Pro-B cells were purified from BM using magnetic-activated cell sorting, selecting with anti-B220 beads (Milteny Biotec). Pro-B cells were maintained and expanded by culturing them in Iscove’s Modified Dulbecco’s Medium (IMDM) supplemented with 50 μM β-mercaptoethanol, 1 mM L-Gln, 2% heat-inactivated FCS, 1 mM penicillin–streptomycin (BioWhittaker), 0.03% (w/v) primatone RL (Sigma), and 5 ng/ml mrIL7 (R&D Systems), in the presence of Mitomycin C-treated ST2-feeder cells. Tumor pro-B cells that could grow independently of IL7 were grown in the same medium without this cytokine.

Transplantation

IL7-independent Pax5-het/Aid-het and Pax5-het/Aid-KO pro-B cells were intravenously injected into 12-week-old male syngenic mice (C57BL/6× CBA) that had previously been sublethally irradiated (4 Gy). Leukemia development in the injected mice was followed by regular analysis of peripheral blood, until the moment when leukemic blasts were detected in the blood; at this point, animals were killed and analyzed to characterize B-ALL development.

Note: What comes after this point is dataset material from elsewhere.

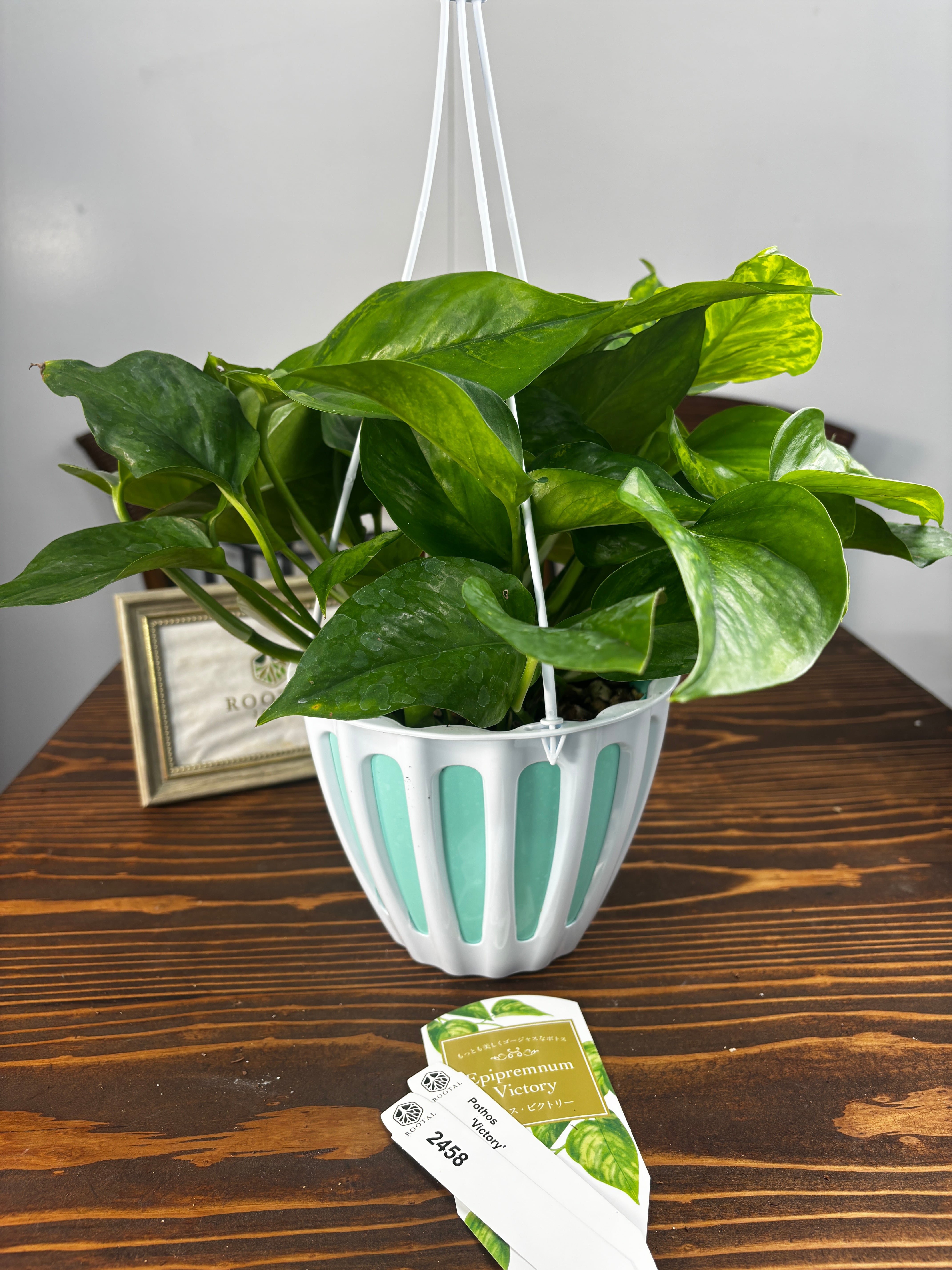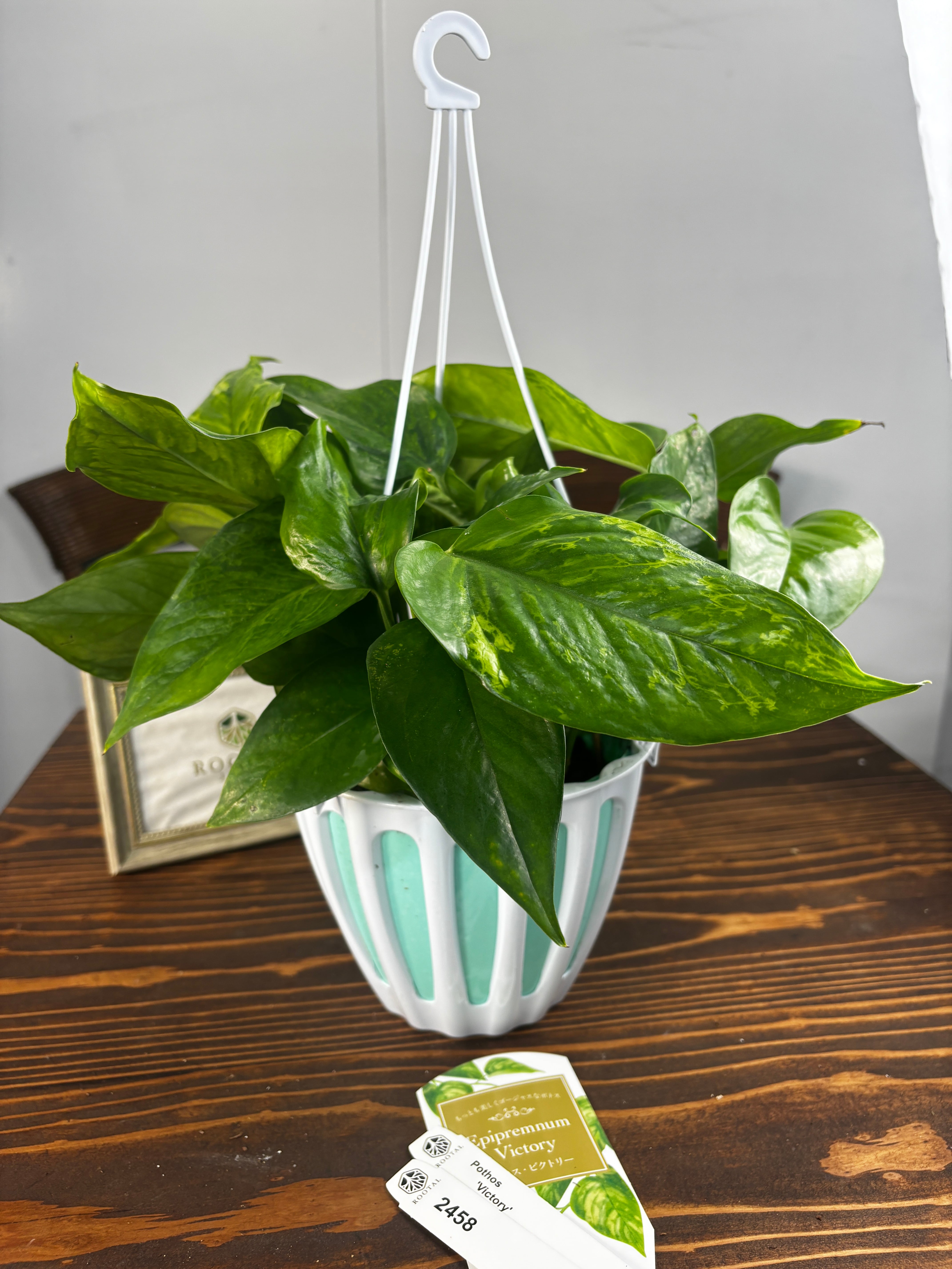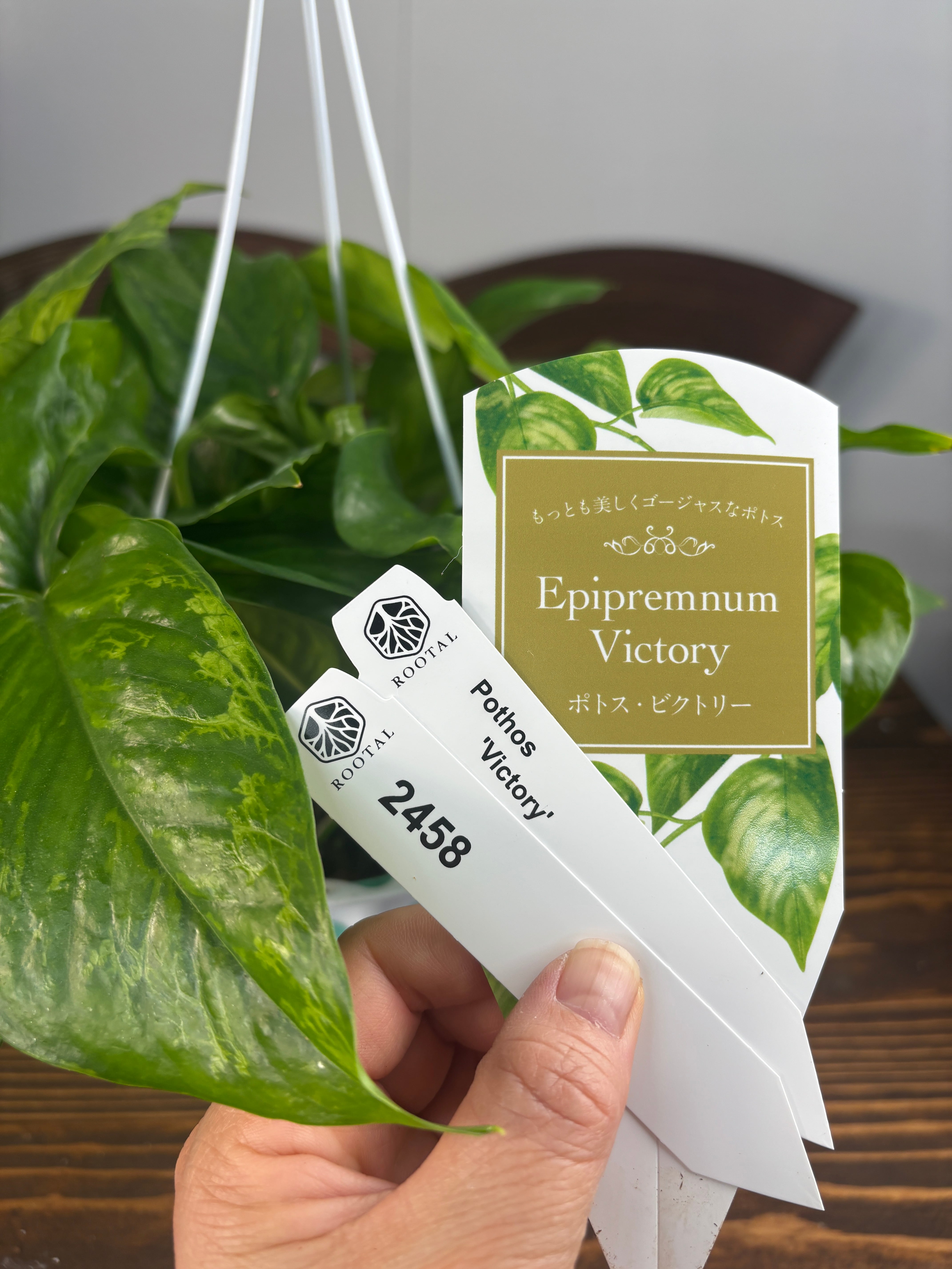 ★【美しくゴージャスな迷彩ポトス】ポトス ビクトリーは、健康的に育てられた5号の吊り鉢でお届けします。葉の成長につれて、あなたの空間にさらなる美しさを加えていきます。

Mutational pattern analysis in B-ALL

Samples were subjected to a standardized alignment with [BWA-mem], and a preprocessing step consisting of [GATK realignment, recalibration, trimming tool single-nucleotide variants were identified for Pax5-het/Aid-het and Pax5-het/Aid-KO B-ALL and control samples with Platypus version 0.8.1 and default parameters68. Control variants were pooled and removed from each tumor sample’s variant list, and vice versa. Furthermore, all variants with a quality score < 100 were discarded. Mutational signature analyses were subsequently conducted with the R/Bioconductor package MutationalPatterns, version 1.6.169.

Statistical analysis

The comparisons for the average values between two sample groups were made by two-tailed Student’s t test or Wilcoxon’s rank-sum test with GraphPad Prism software or R software. Mice survival was analyzed using Kaplan–Meier representation of the different cohorts, and statistics for differential survival were performed using the log-rank (Mantel–Cox) test. For in vivo transplantation experiments, the minimal number of mice in each group was calculated through use of the “cpower” function in the R/Hmisc package. The level of significance was set at P < 0.05.

Reporting summary

Further information on research design is available in the Nature Research Reporting Summary linked to this article.